London is either the world’s top or second-placed city for financial services. Unlike the global profit raiding corporation tax surcharge, an FTT would increase the cost of these services in Britain, as well as penalising banks for doing more business here, in both cases hitting one of Britain’s most significant export industries. As importers aren’t exactly queuing up to buy our coal or steel (SSI announced today that it’s mothballing its Redcar plant, with the loss of 1,700 jobs) this would be a problem.
If the Robin Hood tax were imposed on top rather than instead of the surcharge under a future Labour government, this problem would be compounded. It could be the last straw for big banks like HSBC and Standard Chartered, which are already considering emigrating to warmer climes.
Of course, much would depend on exactly what the details of the policy are. There’s an FTT and an FTT, after all.

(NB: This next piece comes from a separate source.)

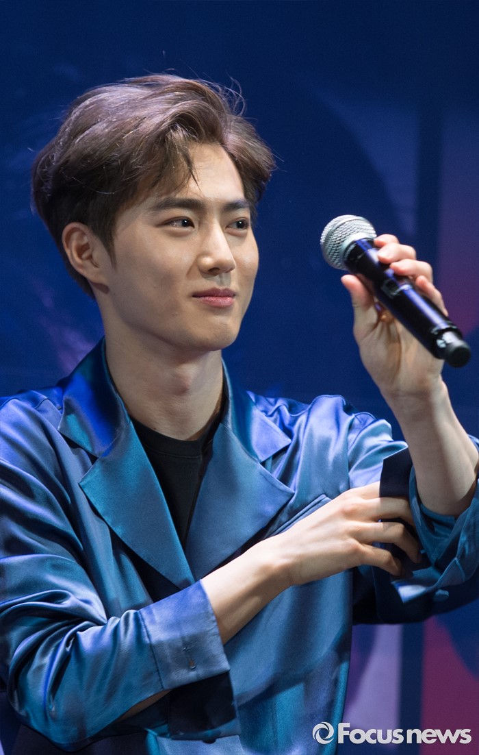 (서울=포커스뉴스) 8일 오전 서울 강남구 코엑스 아티움에서 열린 아이돌 그룹 엑소의 3집 앨범 'EX'ACT' 발표 쇼케이스에 참석한 멤버 수호가 인사말을 하고 있다.

France, for instance, has one that’s less burdensome that Britain’s modest stamp duty on share transactions.
Indeed, it’s important not to jump to conclusions with any of the other policies associated with Corbynomics that McDonnell has spoken about since taking his new job – including a higher top rate of income tax, adding an economic growth target to the Bank of England’s current inflation-oriented remit (possibly manifested through ‘people’s QE’) and setting up a ‘people’s investment bank’.

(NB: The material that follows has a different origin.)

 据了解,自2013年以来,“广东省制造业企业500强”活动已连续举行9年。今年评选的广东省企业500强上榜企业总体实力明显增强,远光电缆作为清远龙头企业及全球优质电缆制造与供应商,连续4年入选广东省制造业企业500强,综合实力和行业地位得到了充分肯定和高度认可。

These could end up so watered down as to be positively mainstream (dare we say Blairite?) by the time they end up in the party’s manifesto. McDonnell has said Labour’s economic policies will be ‘tested and tested again’, and has appointed several leading (though largely left-leaning) economists – including Thomas Piketty and Nobel Prize winner Joseph Stiglitz – to advise him. Dogma, for the time being at least, appears secondary to electability.
Besides, concerned capitalists should take solace in knowing that, however hardline or anti-business McDonnell and Corbyn's policies may or may not be, there's a long, long way to go before they take them to the electorate at the end of this parliament. Assuming the party hasn’t purged them by then, of course.